Afraid she’d soon put the child to sleep—in fact, he thought that might be her intention—Rutledge said quietly, “Ask her if she saw a man with a shotgun.”
“Did you see a man carrying a gun, love? A big long gun that made a big noise? Did you see that, love?”
Lizzie didn’t stir.
“Did the noise scare you? Loud and nasty, was it?”
Nothing.
Agnes repeated her questions, varying the words, probing over and over again, but Lizzie was silent. And still awake.
“Ask her if she remembers losing her doll.”
That elicited no response, although Agnes tried several variations on that theme too. But Lizzie began to pluck restlessly at the front of Agnes’s apron.
“It’s no good, sir!”
“We’ll try a different tack, then. Ask her—ask her if she saw the big horse.”
Agnes crooned to the child to soothe her, and then said softly in the same tones, “Was there a big horse, my lamb? A big shining horse in the meadow? Was he standing still or riding along? Did you see the big horse?”
Lizzie stopped sucking her thumb, eyes wide, tense. Listening.
Rutledge could hear Meg in the kitchen, speaking to someone in a low voice or singing to herself. He couldn’t tell which it was. He swore silently, irritated by the distraction. “And a man on its back?”
“Did the big horse carry a man on its back? High in the saddle the way you ride with your pa? Did you see the man, love? Just like Papa on the horse? Did you see his face—”

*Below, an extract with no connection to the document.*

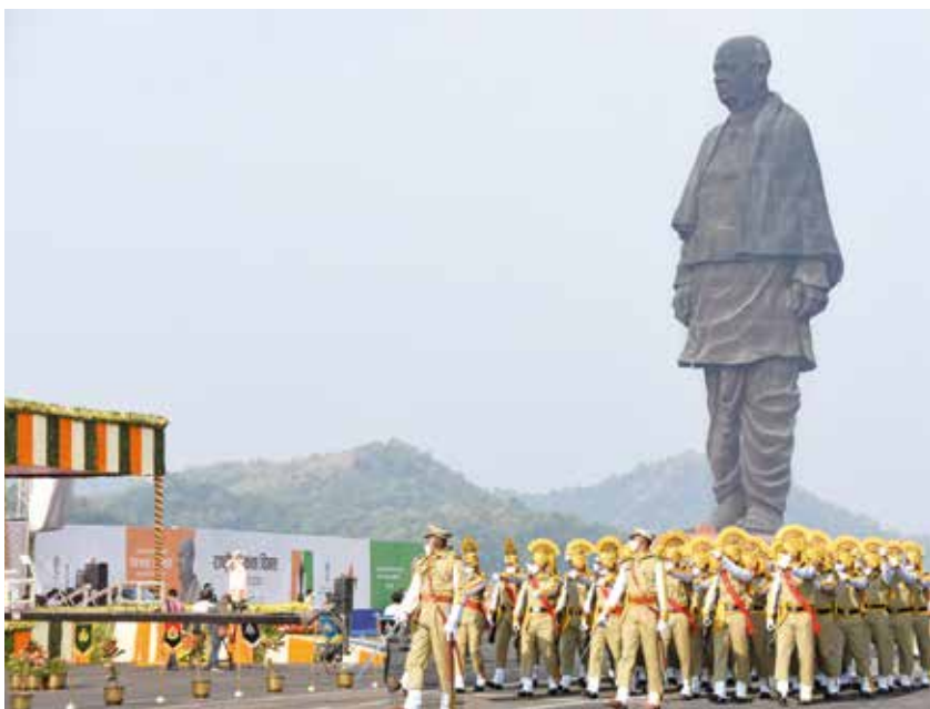
CISF contingent during the Rashtriya Ekta Diwas Parade at Kevadia, Gujarat

To commemorate the 145 th birth anniversary of Sardar Vallabhbhai Patel, the first Home Minister of India, ‘Rashtriya Ekta Diwas Parade’ was organized on 31 st October, 2020 in a grand manner at Kevadia, Gujarat. On the occasion, Hon’ble Prime Minister Shri Narendra Modi was the Chief Guest, who administered the ‘National Unity Day Pledge’ and reviewed the ‘Rashtriya Ekta Diwas Parade’ comprising of CAPFs and State Police Contingents. CISF contingent also participated in the ‘Ekta Diwas Parade’.

The words were hardly out of her mouth before Lizzie went rigid and began to scream. The sudden change was alarming in the quiet room, and Agnes cried out, “Now, now, lovey—don’t fret! Sir!”
“Papa! Papa! Papa! Papa! No—no—don’t!” Lizzie screamed, the words tumbling over one another, the doll clutched tight as she struggled in her grandmother’s arms.
Meg came running, and behind her were other footsteps.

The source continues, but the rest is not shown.